Strategic Risk: The Highest-Stakes Category

Strategic risks are risks that threaten the fundamental viability of the organization's business model or its ability to execute its strategy. They are typically characterized by high uncertainty, long time horizons, and potentially existential consequences. They are also the risks most frequently undermanaged, because traditional risk management processes are better designed for operational and financial risks than for the complex, uncertain, and often qualitative nature of strategic exposures.

Strategic risks include competitive disruption (new entrants, business model innovation by competitors, shifts in customer preferences), macroeconomic changes (economic cycles, interest rate environments, inflation), regulatory transformation (new regulatory frameworks, enforcement posture changes), technological disruption (emerging technologies that obsolete existing business models), and geopolitical instability (trade policy shifts, sanctions, political risk in operating markets).

Managing strategic risks requires different tools than managing operational risks. Scenario planning, which develops detailed alternative futures and assesses their implications for strategy, is particularly valuable. Strategic risk workshops, which bring together cross-functional leadership to examine long-horizon threats and opportunities, are also effective. The key is creating structured forums where strategic risk receives sustained management attention, not just annual mention in a board risk report.

Operational Risk: Where Strategy Meets Execution

Operational risk is the risk of loss resulting from inadequate or failed internal processes, people, systems, or external events. It is the broadest risk category, encompassing everything from process failures and human error to fraud, technology breakdowns, and supply chain disruptions.

The Basel II/III regulatory framework, developed for the banking industry, defines operational risk in these terms and has driven significant investment in operational risk management capabilities across financial services. The methodology and tools developed for banking operational risk have migrated into other industries as organizations recognize that operational risks are universal, even if the specific exposures differ by sector.

Effective operational risk management requires detailed process documentation to understand where risks reside; robust incident reporting systems that capture near-misses as well as actual loss events; key risk indicators that provide early warning of deteriorating operational conditions; and scenario analysis that explores the consequences of severe but plausible operational events. For specialized guidance on operational risk, see our resource on operational risk management.

Financial Risk: Protecting Balance Sheet Integrity

Financial risks directly threaten the organization's financial position, affecting liquidity, capital structure, earnings volatility, and ultimate solvency. The major categories of financial risk include market risk (exposure to changes in market prices, including interest rates, currency exchange rates, and commodity prices), credit risk (the risk that counterparties will fail to meet their financial obligations), and liquidity risk (the risk of being unable to meet financial obligations as they fall due).

Financial risk management involves both quantitative sophistication and sound qualitative judgment. Value at Risk models, stress testing, and scenario analysis provide quantitative frameworks for measuring and monitoring financial exposures.
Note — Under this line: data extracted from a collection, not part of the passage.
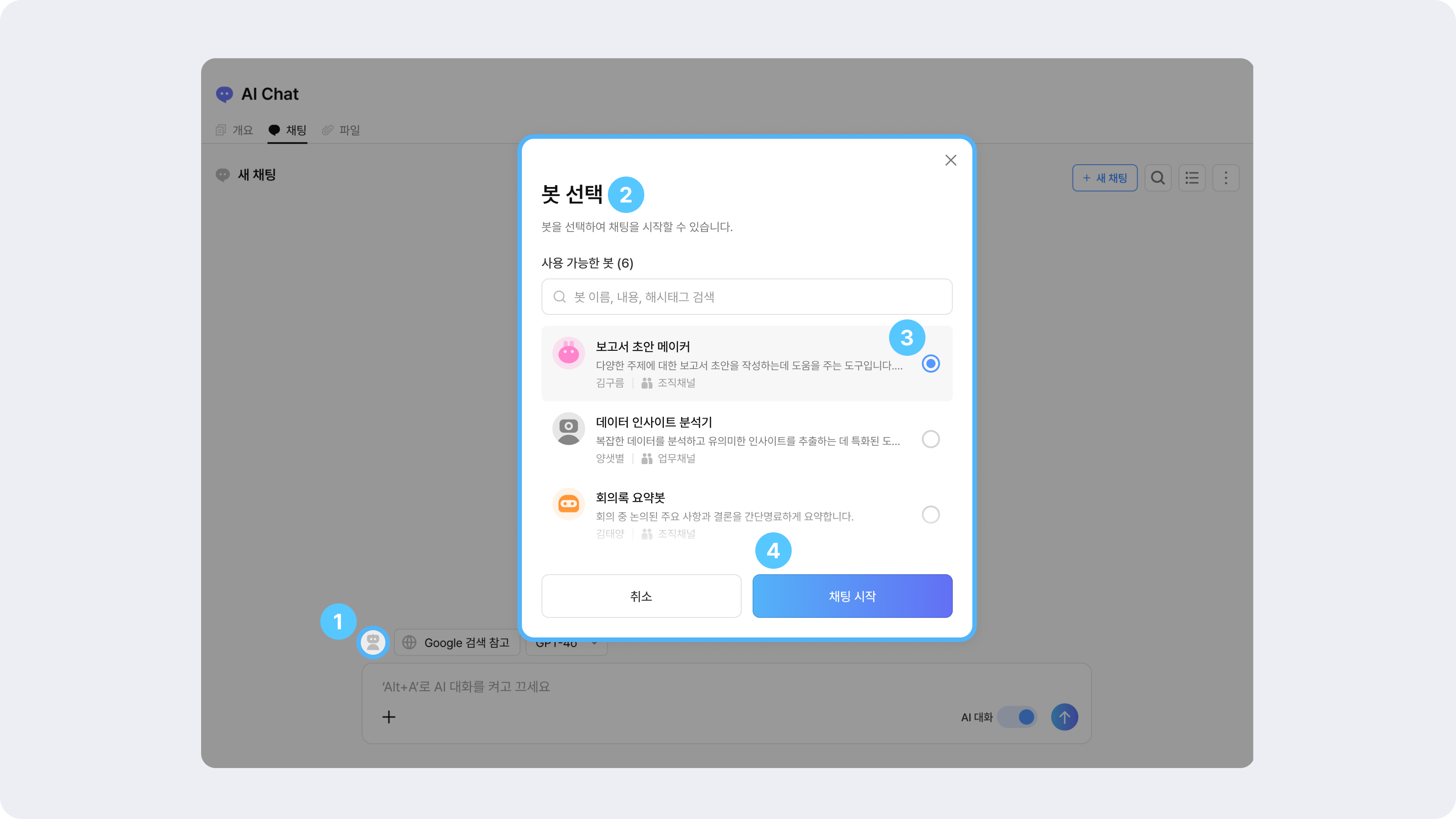 메시지 입력창 위 AI 봇 아이콘을 클릭한 후, 사용할 봇을 찾아 선택하고 [채팅 시작] 버튼을 클릭하면 끝입니다.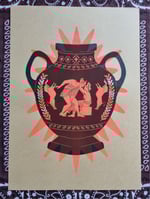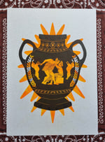 Version one: yellow, pink and black ink on 220gsm speckled and textured off white paper or fluorescent orange and black ink on tan 100gsm paper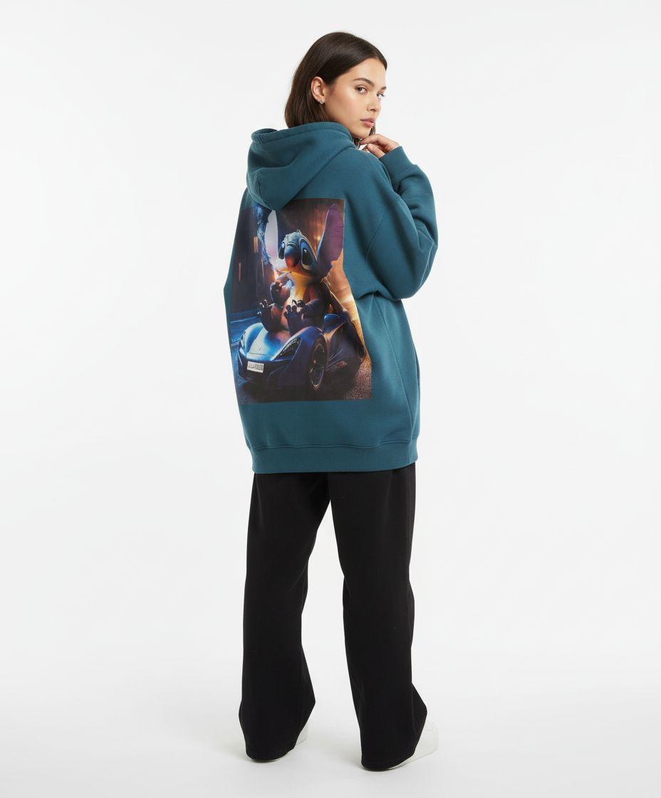 Add a playful vibe with our blue oily Stitch hoodie—one size fits all (50kg–100kg). Trendy, cozy, and fun.

Hedging instruments, including forwards, futures, options, and swaps, provide tools for transferring unwanted financial risks to counterparties more willing or better positioned to bear them.
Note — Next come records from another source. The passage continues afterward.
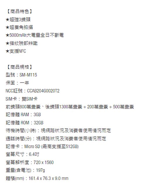 欲售物品:SAMSUNG Galaxy M11 3G/32G SM-M115 晨曦藍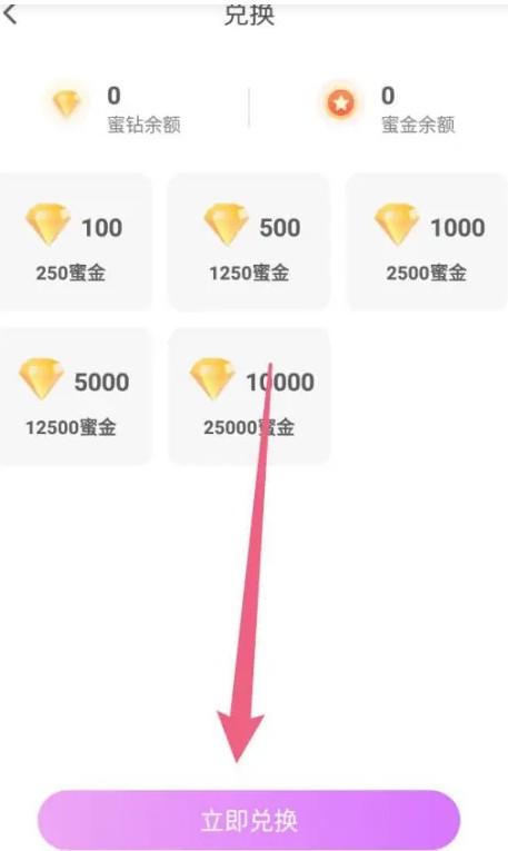 选择蜜金数量点击“立即兑换” ,如下图箭头所示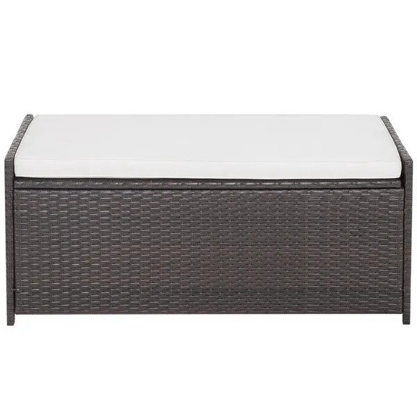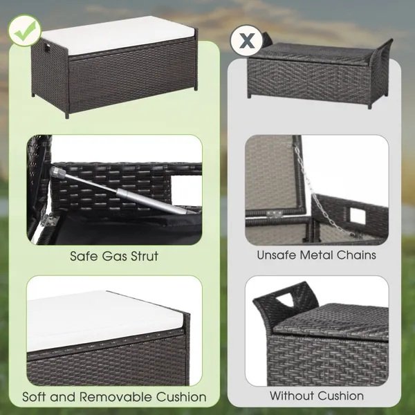 1.3-in-1 Multifunctional Design: This patio storage box can be also used as a patio bench or as a coffee table. And designed with strengthened metal structure, the bench features 795 lbs max load. Moreover, the hand-woven mix brown PE rattan looks elegant and withstands long-time use.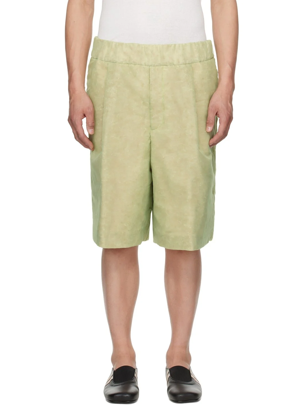 Polyester twill shorts. Integrated chiffon overlay throughout. · Layered construction · Concealed drawstring at elasticized waistband · Three-pocket styling · Zip-fly · Pleats at front Supplier color: Light green Body: 100% polyester. Lining: 100% viscose. Made in Romania 251358M193014

The 2008 financial crisis exposed critical weaknesses in financial risk management, particularly the tendency to rely on models that assumed normal market conditions and failed to capture tail risks, correlation breakdowns during market stress, and the systemic consequences of concentrated exposures across multiple institutions. Post-crisis regulatory reform, particularly Basel III/IV, has significantly raised the bar for financial risk management in banking. These regulatory frameworks have also influenced risk management practices in other financial sectors and, increasingly, in corporate treasury functions. See our dedicated guide on financial risk management for advanced strategies.
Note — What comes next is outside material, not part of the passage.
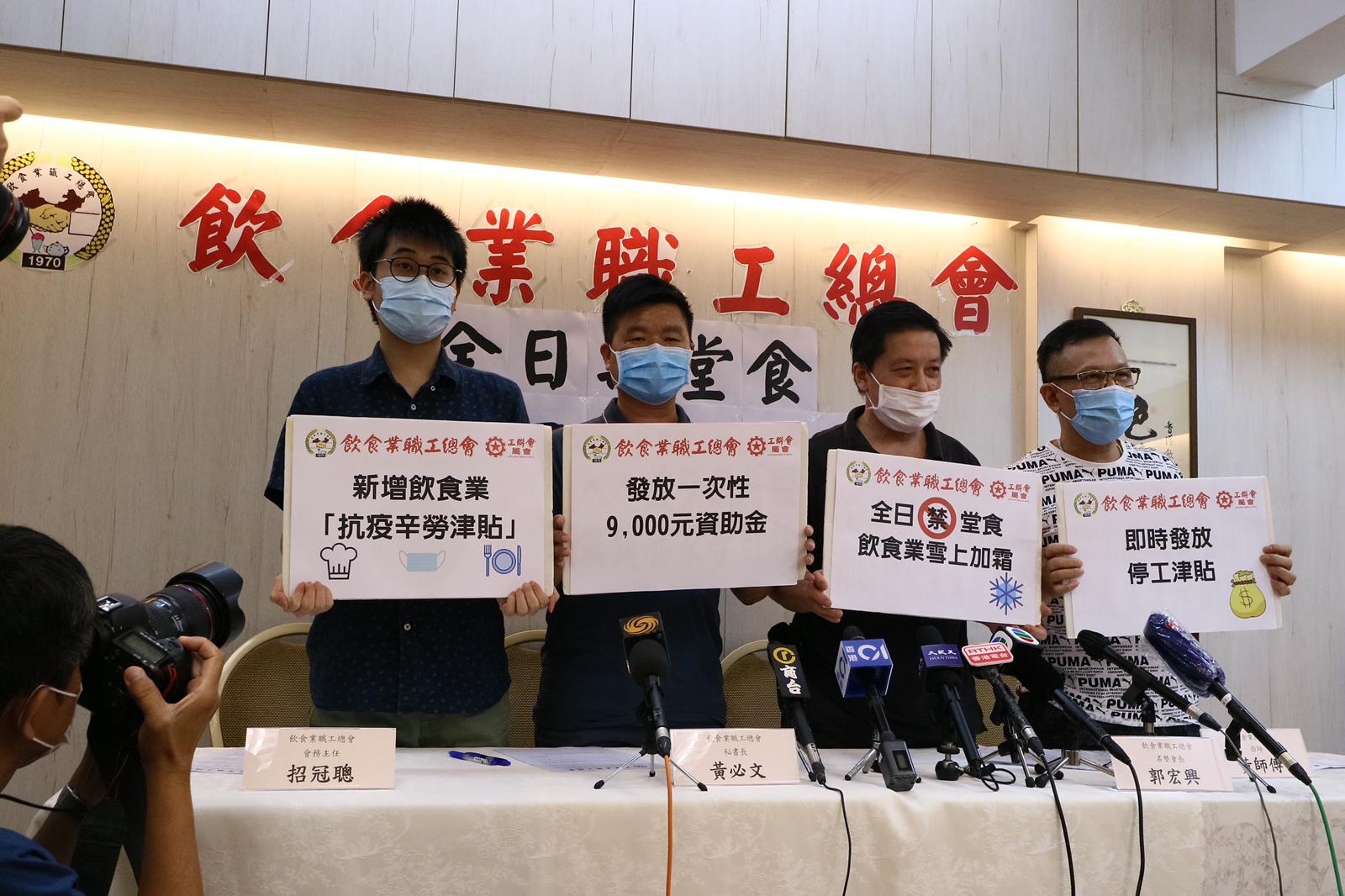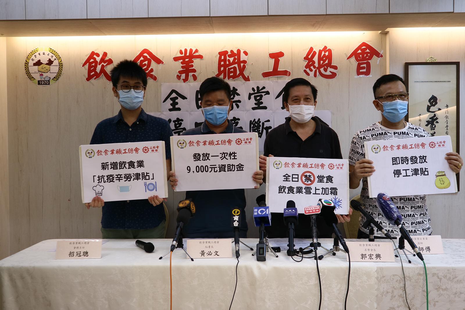 飲食業職工總會今天(7月29日)舉行記者會,指食肆今天起全日禁止堂食導致酒樓被迫停業、食肆收入大降,勢必對超過24萬的飲食業僱員造成「毀滅性」打擊。無數工友將繼續面臨被迫放無薪假,停工,甚至是裁員的厄運,因此飲食業職工總會促請政府即時直接向飲食業僱員發放每月上限9,000元的「停工津貼」,並且效法建造業抗疫基金向每名飲食業僱員發放一次性9,000元的資助金,同時發放為期6個月,每月1,000元的「抗疫辛勞津貼」。 飲食業職工總會名譽會長郭宏興指,原先食肆「晚六朝五」禁止堂食的抗疫措施已導致不少工友被僱主要求放3至7天的無薪假,洗碗和樓面等工友的收入亦減少至少一半,業內為數約5萬名的散工更被迫即時停工。如今政府進一步全日禁止堂食,不少食肆,特別是中式酒樓及婚宴場所等收入來源主要依靠堂食的食肆只能選擇停業,連鎖反應就是不論長工或散工的飲食業僱員紛紛被僱主通知「唔駛返工」。飲食業僱員更害怕復工無期,擔心禁止堂食「七日期限」之後又是另一個「七日期限」,對於未來是否能夠復工毫無把握。 飲食業職工總會權益幹事招冠聰表示,自年初疫情爆發後飲食業一直是疫情的重災區。餐飲服務活動業7月份公布的失業率已高達14.7%,比起全港6.2%的失業率高出8.5個百分比,而就業不足率亦急劇上升至8.2%。雖然政府推出「保就業」計劃防止出現裁員潮,但工會收到許多會員反映,不少飲食業僱主雖然利用僱員的強積金供款紀錄成功申請「保就業」計劃,但仍然要求僱員放無薪假。飲食業的特色是「手停口停」,僱員一旦實際上班工作日子減少,收入隨即下降,根本受惠不到「保就業」計劃的幫助。同時,在政府推出食肆「晚六朝五」禁止堂食的措施時,不少飲食業僱員已聽聞僱主因無法正常營業,正考慮將「保就業」計劃的資助全數退回政府,寧願結業選擇止蝕離場,令到員工人心惶惶。 因此,就食肆全日禁止堂食對飲食業僱員造成的「毀滅性」打擊,以及「保就業」計劃的成效不彰,飲食業職工總會秘書長黃必文向政府提出三項建議: 工會希望政府在推行抗疫措施的同時,要考慮業界從業員的生計影響,為行業工友提供應有的保障。

Compliance Risk: The Regulatory Dimension

Compliance risk is the risk of legal or regulatory sanctions, financial penalties, or reputational damage resulting from failure to comply with applicable laws, regulations, codes of conduct, and standards. In an environment of increasing regulatory complexity, expanding extraterritorial enforcement, and growing personal liability for executives and board members, compliance risk management has become a strategic imperative, not merely a legal necessity.

The compliance risk landscape has expanded dramatically in recent years. Data privacy regulations (GDPR, CCPA, and their equivalents globally) have created significant new compliance obligations for organizations that collect and process personal data. Anti-corruption enforcement (FCPA, UK Bribery Act) continues to result in billion-dollar penalties for organizations with inadequate compliance controls. Environmental regulations and ESG-related disclosure requirements are creating new compliance obligations for virtually every industry.

Effective compliance risk management requires a compliance function that is adequately resourced, genuinely independent from the business lines it oversees, and empowered to raise concerns at the highest organizational levels. It also requires a culture in which compliance is seen as a business value rather than a constraint, because compliance programs that operate primarily through fear and sanction generate minimal employee engagement and maximum creative circumvention. For detailed strategies, our compliance risk management guide covers setup best practices.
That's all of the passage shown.